Problem:
Word for word, restate the entries below, but exclude the images.

Records from a dataset:
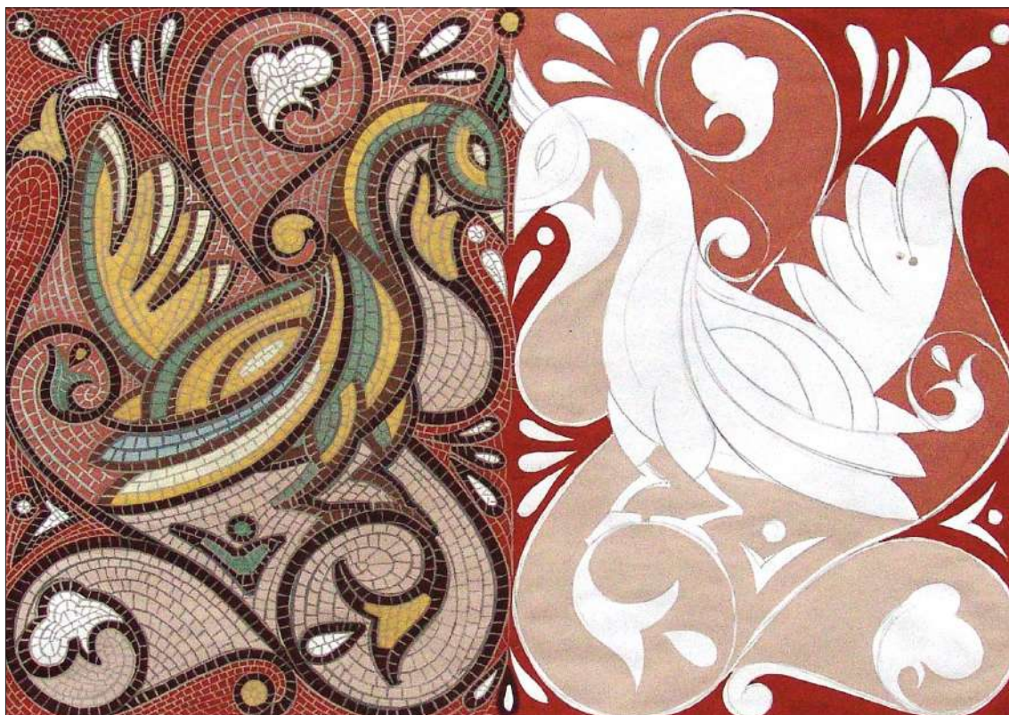
Ил. 7. Стилизирана птица, 2007, автор: Ивелина Петкова, архив: катедра „Църковни изкуства“, ПБФ, ВТУ
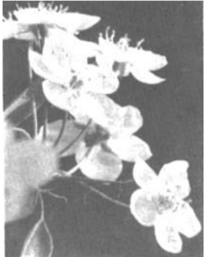
春风第一枝

当我们历经艰辛跋涉，终于站到泰山极顶时，不禁欢呼起来。一种胜利后的喜悦涌上心头，在料峭的风雪中，让人觉出温暖。有人诗兴大发：“啊，泰山，你终于跪伏在我们脚下了！”是啊，尽管山雾蒙蒙，看不清周围的一切，看不清泰山的秀丽风景，但我们感受到了，自己已把一切踏在脚下。这种感觉是无与伦比的。
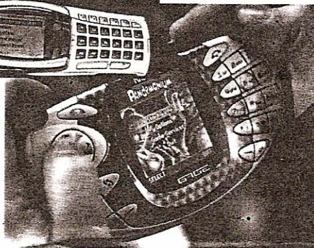
Zabalik, 209. zk. 2003-11-28

Irakasleen ustez, mezuak ortografia kaokarraren errudun.

Task result:
Ил. 7. Стилизирана птица, 2007, автор: Ивелина Петкова, архив: катедра „Църковни изкуства“, ПБФ, ВТУ
春风第一枝

当我们历经艰辛跋涉，终于站到泰山极顶时，不禁欢呼起来。一种胜利后的喜悦涌上心头，在料峭的风雪中，让人觉出温暖。有人诗兴大发：“啊，泰山，你终于跪伏在我们脚下了！”是啊，尽管山雾蒙蒙，看不清周围的一切，看不清泰山的秀丽风景，但我们感受到了，自己已把一切踏在脚下。这种感觉是无与伦比的。
Zabalik, 209. zk. 2003-11-28

Irakasleen ustez, mezuak ortografia kaokarraren errudun.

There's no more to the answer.